Re: utf-8 working code... caution with existing data files.

Posted by Gianugo Rabellino <gi...@apache.org>.

Stefano Mazzocchi wrote:

> 
> I agree that since Xindice has namespace support, most application level
> metadata can be stored without Xindice knowing about it, but there is
> some that simply cannot, without a serious and complex wrapper around
> Xindice (which is something I'm going to seriously consider since I need
> stuff that most people here would think it doesn't belong to a DB core,
> but to a higher middleware, things like validation, security)
> 
> I'm seriously considering writing a big fat wrapper around XIndice to
> provide all the functionality I need around a document-oriented XML
> datastore, also without the problem of having an API to bind me.
> 
> What would you people think of such a thing?

It's another way to solve the problem. Yet I tend to think that without 
metadata, security, validation, linking and so on, Xindice is at risk of 
becoming just a distributed XML filesystem. Which is way too little to 
become a viable solution for anything. I wish I had more time ATM to 
help this community find a way out of what you correctly call a 
stagnation that scares me out quite a bit. And I hope to be proven wrong :-)

Ciao,

-- 
Gianugo

Re: utf-8 working code... caution with existing data files.

Posted by Stefano Mazzocchi <st...@apache.org>.

David Viner wrote:
> 
> "proper encoding and lack of available metadata"
> am i correct in assuming that you mean the correct value for the encoding
> attribute?

No, I'm referring to the fact that XIndice stored textual stuff using a
specific encoding which was not general enough to handle all Unicode,
which is pretty serious issue for an XMl database given that XML can
contain all unicode codes.

But sounds like James just fixed this by using UTF-8 as the default
encoding for what Xindice stores so I'm happy on that side (I'm going to
test and try it out real soon)

> what metadata are you referring to?  do you mean things like a DOCTYPE
> element or a schema?
> or do you mean something more like "last modified time"?

Sorry, I have to explain further: I'm talking about datastore-specific
metadata.
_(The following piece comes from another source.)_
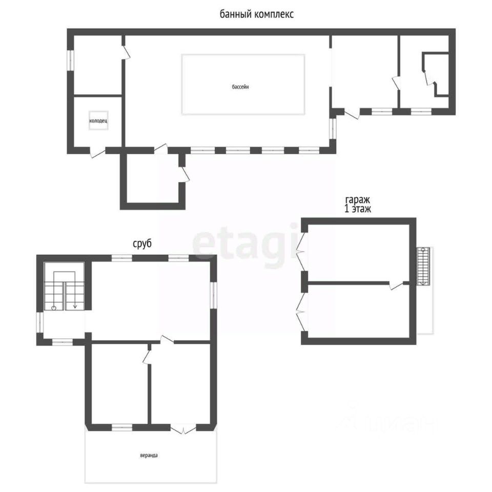 -Банный комплекс с чашей под бассейн (220 кв.м.) — недостроен, идеальная основа для вашей личной зоны отдыха. -Гараж (130 кв.м.) на 2 автомобиля с жилым вторым этажом ,уже заведены свет и вода.

Things like "last modified" and such.

There has been no agreement on this list about "what data is metadata"
since metadata is data anyway. 

I agree that since Xindice has namespace support, most application level
metadata can be stored without Xindice knowing about it, but there is
some that simply cannot, without a serious and complex wrapper around
Xindice (which is something I'm going to seriously consider since I need
stuff that most people here would think it doesn't belong to a DB core,
but to a higher middleware, things like validation, security)

I'm seriously considering writing a big fat wrapper around XIndice to
provide all the functionality I need around a document-oriented XML
datastore, also without the problem of having an API to bind me.

What would you people think of such a thing?

-- 
Stefano Mazzocchi      One must still have chaos in oneself to be
                          able to give birth to a dancing star.
<st...@apache.org>                             Friedrich Nietzsche
--------------------------------------------------------------------

RE: utf-8 working code... caution with existing data files.

Posted by David Viner <dv...@yahoo-inc.com>.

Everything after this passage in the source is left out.